Hastings’ third penalty of the afternoon put Scotland back in front, and excellent breakdown work by Hamish Watson gave Scotland another chance with only one-minute remaining in the first half.
And how they took that chance. An excellent weaving run by Adam Hastings bamboozled the French defence, Sam Johnson cut a nice line to take the ball on, and rather than risk going himself, he unselfishly dished it out for Sean Maitland to dive into the right corner for Scotland’s first BT Murrayfield try of the Six Nations. A crucial score at a most crucial stage.
Half-time: Scotland 14 – 7 France
France battered the Scotland line in the early stages of the second half, only for the much improved defence we’ve seen in this campaign hold firm and stay disciplined.
Then, the lethal Scotland of two years ago poked it’s ahead above the waters again with a tremendous score to send Murrayfield wild.
Hogg spotted a forward to run at, Harris went deep, and although Price was stopped 5m short, Maitland was soon over for his second predatory score of the afternoon. Hastings superb touchline conversion made it 21-7.
The French really were shaken to the core. Gregory Alldritt had a lengthy whinge with dramatic hand gestures, and when they next had possession in the Scotland half, Jefferson Poirot cleared Jamie Ritchie from a ruck round the neck.
Anthony Bouttier has been a recent revelation for France, and his break into the Scotland 22 caused some panic, only for Jalibert’s grubber to be guzzled up by Hastings and thumped away, but it showed they were still a real threat with the lead at two converted tries.
With an hour on the clock France did reduce the deficit from the boot of Jalibert, but Scotland would have been relieved that they kept the like of Vakatawa from crossing the whitewash.
As some drizzle hit Edinburgh, a double rainbow arced perfectly over the roof of BT Murrayfield’s east-stand, and Stuart McInally claimed the pot of gold at the end of at least one of them
His own line-out was deflected back into his path, and when he picked it up, there was not a single French player covering the left wing. Having just come on, the hooker who can outrun Jonny May was gifted the score. Another excellent Hastings’ conversion extended the lead to 18 points with only around 15mins left to play.
Double try-scorer Sean Maitland made way for Kyle Steyn – winning his first cap – and the former 7s man nearly created another try when he leapt above Fickou to claim a Hastings up ‘n under and put Harris through, but he didn’t quite have the acceleration to go himself, or the ability to off-load for Horneito (who else?) who had popped up on his right shoulder.

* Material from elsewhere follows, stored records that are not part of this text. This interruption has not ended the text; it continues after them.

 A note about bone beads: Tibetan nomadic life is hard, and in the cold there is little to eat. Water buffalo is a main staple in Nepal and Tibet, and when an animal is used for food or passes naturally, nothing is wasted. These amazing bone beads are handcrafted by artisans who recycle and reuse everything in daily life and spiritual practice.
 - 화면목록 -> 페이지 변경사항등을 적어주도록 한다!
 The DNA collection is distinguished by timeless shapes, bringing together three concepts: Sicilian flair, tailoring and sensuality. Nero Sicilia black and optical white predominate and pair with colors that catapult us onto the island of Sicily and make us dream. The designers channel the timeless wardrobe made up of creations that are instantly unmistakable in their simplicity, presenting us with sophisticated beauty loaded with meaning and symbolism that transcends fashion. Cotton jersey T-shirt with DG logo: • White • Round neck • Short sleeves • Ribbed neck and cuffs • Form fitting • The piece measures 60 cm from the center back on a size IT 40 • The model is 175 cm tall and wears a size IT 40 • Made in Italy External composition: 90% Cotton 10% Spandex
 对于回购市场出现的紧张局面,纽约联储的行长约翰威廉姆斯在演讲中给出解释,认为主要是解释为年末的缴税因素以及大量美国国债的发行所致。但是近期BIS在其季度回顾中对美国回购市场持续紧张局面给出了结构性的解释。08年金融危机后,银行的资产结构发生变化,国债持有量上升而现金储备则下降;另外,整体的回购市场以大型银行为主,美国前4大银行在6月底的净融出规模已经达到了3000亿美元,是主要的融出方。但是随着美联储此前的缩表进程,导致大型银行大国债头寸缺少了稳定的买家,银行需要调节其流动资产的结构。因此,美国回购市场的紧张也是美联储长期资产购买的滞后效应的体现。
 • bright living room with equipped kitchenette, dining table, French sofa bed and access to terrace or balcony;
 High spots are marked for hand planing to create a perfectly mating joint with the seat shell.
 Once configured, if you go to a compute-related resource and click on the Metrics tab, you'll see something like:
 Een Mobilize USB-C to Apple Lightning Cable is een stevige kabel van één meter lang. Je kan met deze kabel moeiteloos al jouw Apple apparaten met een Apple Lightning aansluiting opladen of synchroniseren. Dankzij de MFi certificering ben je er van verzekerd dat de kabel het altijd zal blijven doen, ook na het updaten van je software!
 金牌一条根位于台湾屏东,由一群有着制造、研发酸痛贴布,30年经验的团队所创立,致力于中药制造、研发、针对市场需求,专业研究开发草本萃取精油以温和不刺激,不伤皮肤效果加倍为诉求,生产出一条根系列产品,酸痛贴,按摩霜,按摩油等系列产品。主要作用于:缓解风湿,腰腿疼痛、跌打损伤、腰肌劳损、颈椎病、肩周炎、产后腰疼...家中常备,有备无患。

With just under 5mins remaining, France did reduce the deficit with a wonderfully worked move, began by full-back Thomas Ramos and finished off by skipper Charles Ollivon, but la resistance proved futile, as they couldn’t reduce the arrears further which could have led to an all-important losing bonus point.
It was actually Scotland who rolled the dice one more time as they chased the try bonus point, alas Blair Kinghorn put too much juice on his kick ahead with both him and Hogg haring after it.
A much needed, morale boosting victory – the fourth in a row at Murrayfield over Les Bleus – all eyes now turn to the Principality stadium, and the possibility of a three-win Six Nations campaign which had all started rather bleakly.
Referee: Paul Williams (NZRU)
SRBlog MOTM: in a change to the official sponsor’s selection, but staying in the back-row, I’m awarding it to Hamish Watson. Two huge defensive turnovers either side of half-time swung the momentum firmly in Scotland’s favour. (And no, this is not solely to appease Cammy Black who thought I should have awarded him MOTM against Ireland rather than Jamie Ritchie.)